▸ What you will do: Below are some records; output all of them exactly.

▸ Provided information:
Start of Block

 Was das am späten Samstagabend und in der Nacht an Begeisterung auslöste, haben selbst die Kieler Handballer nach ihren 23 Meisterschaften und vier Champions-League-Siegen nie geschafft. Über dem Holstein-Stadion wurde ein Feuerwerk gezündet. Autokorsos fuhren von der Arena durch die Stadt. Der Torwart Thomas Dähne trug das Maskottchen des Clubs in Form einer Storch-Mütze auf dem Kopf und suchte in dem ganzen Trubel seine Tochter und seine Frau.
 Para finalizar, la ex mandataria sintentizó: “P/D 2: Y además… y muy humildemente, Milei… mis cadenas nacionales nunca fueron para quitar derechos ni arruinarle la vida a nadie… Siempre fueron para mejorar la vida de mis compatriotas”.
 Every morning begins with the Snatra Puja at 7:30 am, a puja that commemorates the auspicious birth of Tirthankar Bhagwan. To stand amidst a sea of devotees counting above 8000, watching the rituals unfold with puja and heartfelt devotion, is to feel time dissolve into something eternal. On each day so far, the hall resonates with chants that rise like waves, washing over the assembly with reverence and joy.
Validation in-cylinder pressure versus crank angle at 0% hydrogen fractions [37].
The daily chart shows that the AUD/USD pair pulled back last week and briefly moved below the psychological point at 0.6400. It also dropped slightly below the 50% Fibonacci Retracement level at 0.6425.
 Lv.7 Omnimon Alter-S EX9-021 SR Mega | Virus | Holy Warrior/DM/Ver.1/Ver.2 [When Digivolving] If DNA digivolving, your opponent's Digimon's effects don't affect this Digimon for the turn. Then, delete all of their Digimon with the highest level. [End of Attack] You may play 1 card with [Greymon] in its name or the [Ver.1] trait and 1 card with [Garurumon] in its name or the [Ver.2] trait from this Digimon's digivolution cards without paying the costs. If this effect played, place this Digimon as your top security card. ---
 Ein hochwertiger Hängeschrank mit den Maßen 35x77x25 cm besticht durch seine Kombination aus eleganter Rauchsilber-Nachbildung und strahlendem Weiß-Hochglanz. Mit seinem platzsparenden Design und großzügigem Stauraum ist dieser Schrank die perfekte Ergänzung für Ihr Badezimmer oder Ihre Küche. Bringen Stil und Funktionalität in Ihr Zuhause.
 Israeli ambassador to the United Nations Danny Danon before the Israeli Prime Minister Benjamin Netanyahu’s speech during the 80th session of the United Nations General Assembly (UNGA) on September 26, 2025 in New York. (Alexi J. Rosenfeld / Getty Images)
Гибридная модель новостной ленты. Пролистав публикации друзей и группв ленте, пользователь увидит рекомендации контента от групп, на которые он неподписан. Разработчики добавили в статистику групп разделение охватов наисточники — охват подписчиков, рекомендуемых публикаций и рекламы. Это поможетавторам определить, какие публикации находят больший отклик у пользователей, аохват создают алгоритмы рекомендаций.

End of Block

▸ Answer to the problem:
 Was das am späten Samstagabend und in der Nacht an Begeisterung auslöste, haben selbst die Kieler Handballer nach ihren 23 Meisterschaften und vier Champions-League-Siegen nie geschafft. Über dem Holstein-Stadion wurde ein Feuerwerk gezündet. Autokorsos fuhren von der Arena durch die Stadt. Der Torwart Thomas Dähne trug das Maskottchen des Clubs in Form einer Storch-Mütze auf dem Kopf und suchte in dem ganzen Trubel seine Tochter und seine Frau.
 Para finalizar, la ex mandataria sintentizó: “P/D 2: Y además… y muy humildemente, Milei… mis cadenas nacionales nunca fueron para quitar derechos ni arruinarle la vida a nadie… Siempre fueron para mejorar la vida de mis compatriotas”.
 Every morning begins with the Snatra Puja at 7:30 am, a puja that commemorates the auspicious birth of Tirthankar Bhagwan. To stand amidst a sea of devotees counting above 8000, watching the rituals unfold with puja and heartfelt devotion, is to feel time dissolve into something eternal. On each day so far, the hall resonates with chants that rise like waves, washing over the assembly with reverence and joy.
Validation in-cylinder pressure versus crank angle at 0% hydrogen fractions [37].
The daily chart shows that the AUD/USD pair pulled back last week and briefly moved below the psychological point at 0.6400. It also dropped slightly below the 50% Fibonacci Retracement level at 0.6425.
 Lv.7 Omnimon Alter-S EX9-021 SR Mega | Virus | Holy Warrior/DM/Ver.1/Ver.2 [When Digivolving] If DNA digivolving, your opponent's Digimon's effects don't affect this Digimon for the turn. Then, delete all of their Digimon with the highest level. [End of Attack] You may play 1 card with [Greymon] in its name or the [Ver.1] trait and 1 card with [Garurumon] in its name or the [Ver.2] trait from this Digimon's digivolution cards without paying the costs. If this effect played, place this Digimon as your top security card. ---
 Ein hochwertiger Hängeschrank mit den Maßen 35x77x25 cm besticht durch seine Kombination aus eleganter Rauchsilber-Nachbildung und strahlendem Weiß-Hochglanz. Mit seinem platzsparenden Design und großzügigem Stauraum ist dieser Schrank die perfekte Ergänzung für Ihr Badezimmer oder Ihre Küche. Bringen Stil und Funktionalität in Ihr Zuhause.
 Israeli ambassador to the United Nations Danny Danon before the Israeli Prime Minister Benjamin Netanyahu’s speech during the 80th session of the United Nations General Assembly (UNGA) on September 26, 2025 in New York. (Alexi J. Rosenfeld / Getty Images)
Гибридная модель новостной ленты. Пролистав публикации друзей и группв ленте, пользователь увидит рекомендации контента от групп, на которые он неподписан. Разработчики добавили в статистику групп разделение охватов наисточники — охват подписчиков, рекомендуемых публикаций и рекламы. Это поможетавторам определить, какие публикации находят больший отклик у пользователей, аохват создают алгоритмы рекомендаций.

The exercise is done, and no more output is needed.